MIT is hardly alone in incurring cost
overruns and expensive program changes. Rem Koolhaas' student
center on the Illinois Institute of Technology campus ran
into schedule and cost overruns.
Besides the obvious costs associated
with the aesthetic risks (which, points out MIT Executive
Vice President John Curry, introduce construction techniques
unfamiliar to most contractors) and costly products associated
with an architect like Gehry, MIT officials, Gehry, and Holl's
project architect Tim Bade says their projects ran into a
perfect storm of national and regional economic conditions.
Having planned during the go-go '90s, MIT put several major
projects up for bid just as the dot-com bubble burst and Boston's
Central Artery Tunnel "Big Dig" project tied up
much of the area's construction capacity. Hence construction
costs jumped 25-percent at this time, according to Gilbane
Construction Companys 2000 review of MIT's construction
plan, Curry says.
Current trends in materials and fuel
prices point to higher project costs, according to analysts,
who blame the high cost of steel on a global shortage and
US import tariffs.
The Stata Center evolved from an early-1990s
scheme for a 150,000 square-foot, roughly $160 million building
in keeping with MIT's rectilinear neo-classical main complex.

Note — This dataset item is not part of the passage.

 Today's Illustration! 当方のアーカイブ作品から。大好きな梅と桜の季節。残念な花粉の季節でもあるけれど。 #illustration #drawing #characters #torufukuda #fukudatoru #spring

A 1997 revision called for a 324,000 square-foot structure,
at about $200 million.
But program changes (the addition of
a below ground parking garage and 100,000 square feet for
day care and fitness centers and pedestrian thoroughfare)

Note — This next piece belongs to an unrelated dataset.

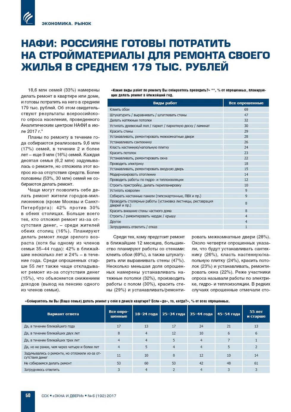 18,6 млн семей (33%) намерены делать ремонт в квартире или доме, и готовы потратить на него в среднем 179 тыс. рублей. Об этом свидетельствуют результаты всероссийского опроса населения, проведенного Аналитическим центром НАФИ в июле 2017 г.* |

and market conditions dramatically increased construction
costs.
As of May, the official total for the
730,000 square-foot complex was $283.5 million, of which about
$31 million went to design, says project manager Nancy Joyce,
who noted that much of the project's contingency fund went
to cover construction costs.
Nevertheless, the Stata Center project
was "in the norm for this type of lab building in the
US," says William Mitchell, former dean of the school
of architecture and planning, now head of the media Arts and
Sciences Program and architectural advisor to MIT president
Charles Vest. On the Stata project, "we value-engineered,
cut things, bit bullets," Gehry adds.
As of early May, MIT was reviewing Holls
Simmons project for "errors and omissions," which
are covered under the school's insurance policy, according
to Curry. The university, meanwhile, has negotiated a guaranteed
maximum price of about $95 million for the Fumihiko Maki-designed
Media Lab extension, slated for a 2005 groundbreaking, according
to Mitchell. In riding the late '90s investment wave and persevering
through the downturn and project overruns, MIT's strategy
has been one of "principled opportunism," says Mitchell.
"It's an investment for a hundred years at the very least.
You can't let short-term economic exigencies deter you."